## TRY IT
When you reach the line with "In accordance with" in the listing below, transcribe it and each line after it up to and including the line with "Belle tomate de", exactly and with nothing else.
====== RECORDS FOR THE EXERCISE
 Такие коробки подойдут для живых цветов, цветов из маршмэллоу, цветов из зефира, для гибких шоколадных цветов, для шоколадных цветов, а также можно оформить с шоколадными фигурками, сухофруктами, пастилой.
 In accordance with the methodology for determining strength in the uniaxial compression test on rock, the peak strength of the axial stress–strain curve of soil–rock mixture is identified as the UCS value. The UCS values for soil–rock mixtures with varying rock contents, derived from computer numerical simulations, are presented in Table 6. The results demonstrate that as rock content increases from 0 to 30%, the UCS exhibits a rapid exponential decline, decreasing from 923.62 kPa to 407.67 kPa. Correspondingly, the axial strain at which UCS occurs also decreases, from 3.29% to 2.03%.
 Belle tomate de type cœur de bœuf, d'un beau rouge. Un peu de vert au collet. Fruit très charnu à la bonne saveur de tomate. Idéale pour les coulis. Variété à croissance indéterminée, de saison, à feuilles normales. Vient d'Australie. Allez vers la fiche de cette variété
============
====== RECORDS FOR THE EXERCISE
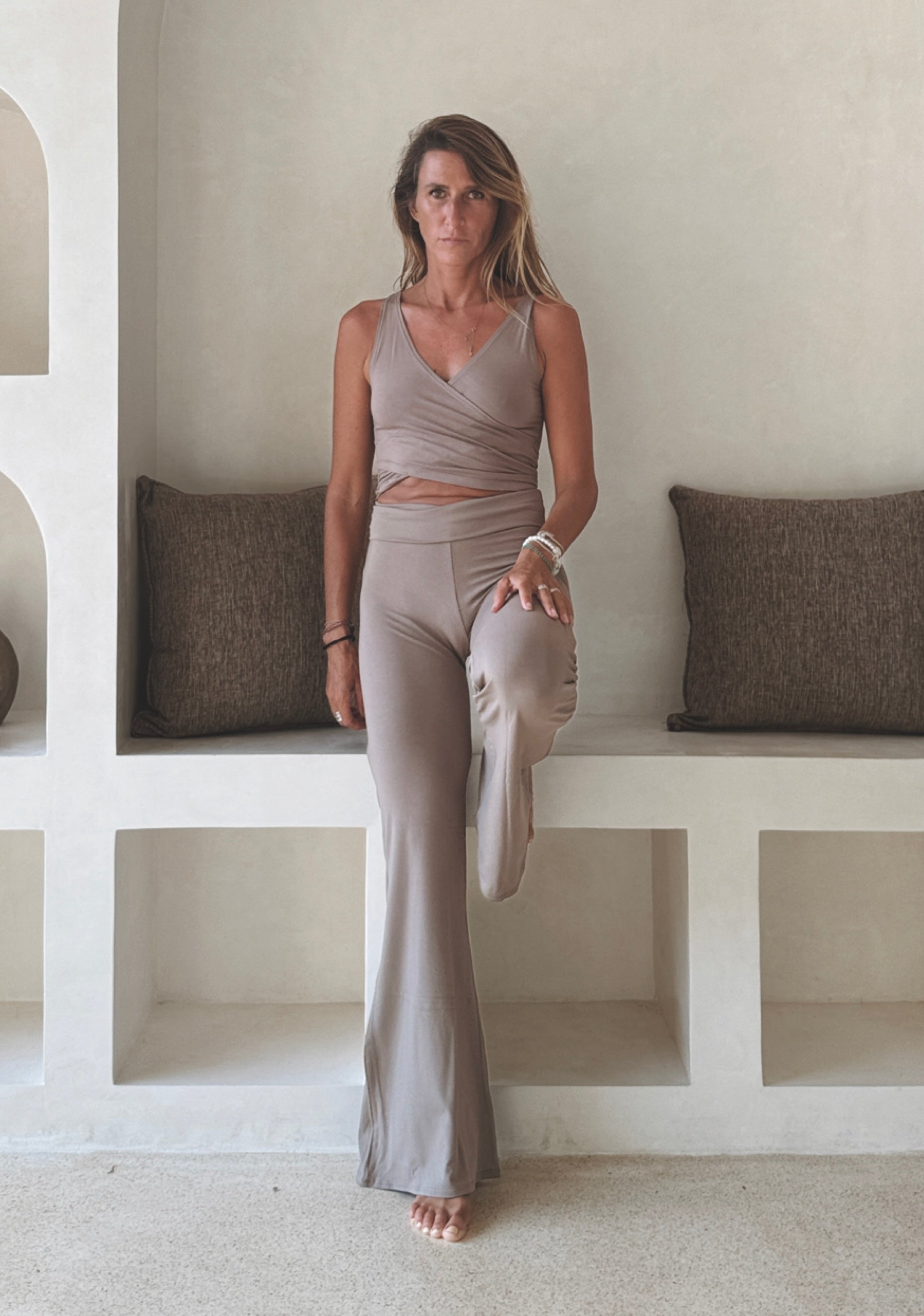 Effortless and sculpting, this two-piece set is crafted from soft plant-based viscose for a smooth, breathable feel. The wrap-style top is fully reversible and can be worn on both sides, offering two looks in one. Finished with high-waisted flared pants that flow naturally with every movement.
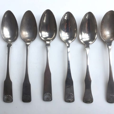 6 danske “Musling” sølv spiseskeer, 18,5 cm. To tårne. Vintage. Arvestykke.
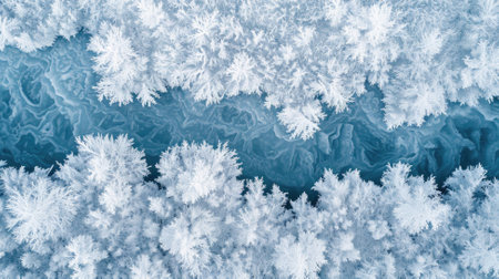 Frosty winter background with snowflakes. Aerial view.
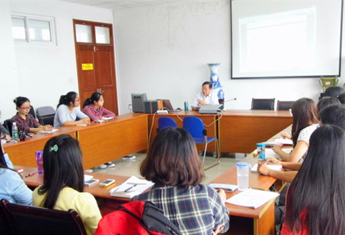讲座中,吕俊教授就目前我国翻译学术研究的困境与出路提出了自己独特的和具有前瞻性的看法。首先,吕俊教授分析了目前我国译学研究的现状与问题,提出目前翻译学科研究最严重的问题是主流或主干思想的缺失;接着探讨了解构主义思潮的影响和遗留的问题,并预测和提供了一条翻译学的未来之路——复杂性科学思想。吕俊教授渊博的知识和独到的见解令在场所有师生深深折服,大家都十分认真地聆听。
============
====== RECORDS FOR THE EXERCISE
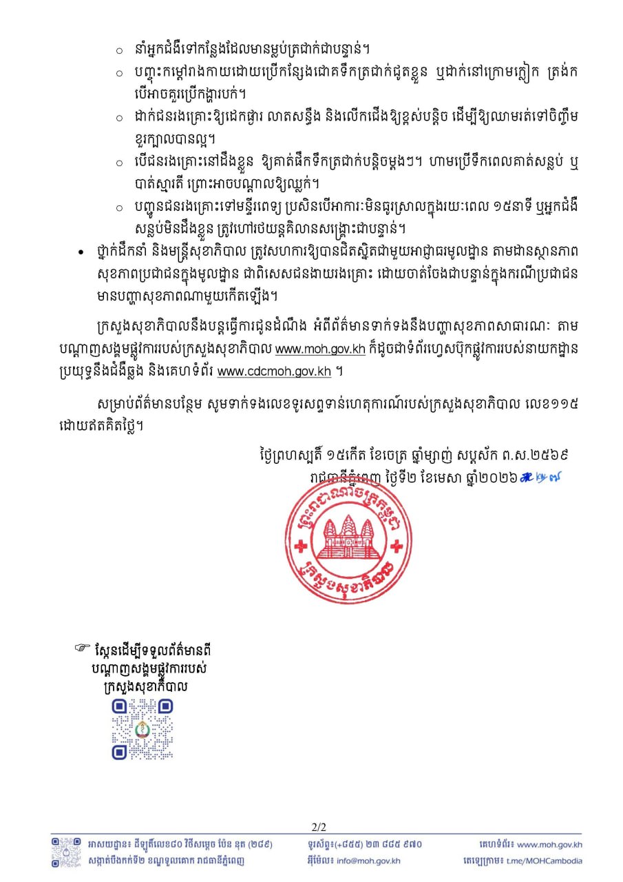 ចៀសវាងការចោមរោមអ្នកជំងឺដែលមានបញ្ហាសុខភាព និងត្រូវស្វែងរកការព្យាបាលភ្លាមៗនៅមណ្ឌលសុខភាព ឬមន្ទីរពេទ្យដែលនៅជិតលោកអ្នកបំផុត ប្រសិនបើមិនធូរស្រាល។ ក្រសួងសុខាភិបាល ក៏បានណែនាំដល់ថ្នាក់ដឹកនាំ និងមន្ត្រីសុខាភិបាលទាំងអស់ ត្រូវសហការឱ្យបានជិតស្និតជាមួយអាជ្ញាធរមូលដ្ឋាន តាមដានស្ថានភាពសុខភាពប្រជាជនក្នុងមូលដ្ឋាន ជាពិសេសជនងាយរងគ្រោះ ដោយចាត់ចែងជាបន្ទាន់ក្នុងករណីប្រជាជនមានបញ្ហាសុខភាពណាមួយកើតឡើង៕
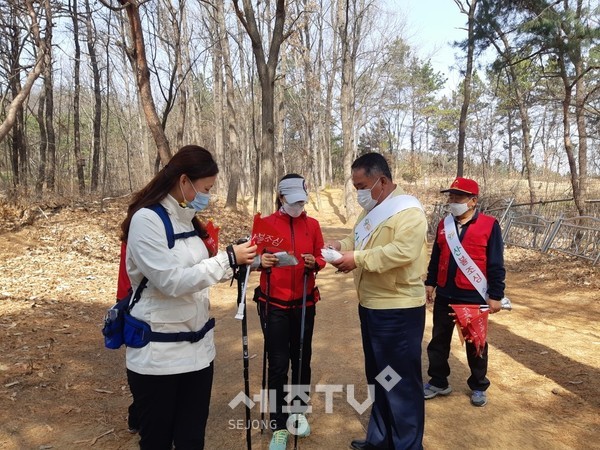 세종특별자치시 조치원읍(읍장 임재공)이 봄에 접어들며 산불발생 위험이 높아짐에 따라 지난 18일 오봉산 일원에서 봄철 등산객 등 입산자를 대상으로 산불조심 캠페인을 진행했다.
============
## EXERCISE RESPONSE
 In accordance with the methodology for determining strength in the uniaxial compression test on rock, the peak strength of the axial stress–strain curve of soil–rock mixture is identified as the UCS value. The UCS values for soil–rock mixtures with varying rock contents, derived from computer numerical simulations, are presented in Table 6. The results demonstrate that as rock content increases from 0 to 30%, the UCS exhibits a rapid exponential decline, decreasing from 923.62 kPa to 407.67 kPa. Correspondingly, the axial strain at which UCS occurs also decreases, from 3.29% to 2.03%.
 Belle tomate de type cœur de bœuf, d'un beau rouge. Un peu de vert au collet. Fruit très charnu à la bonne saveur de tomate. Idéale pour les coulis. Variété à croissance indéterminée, de saison, à feuilles normales. Vient d'Australie. Allez vers la fiche de cette variété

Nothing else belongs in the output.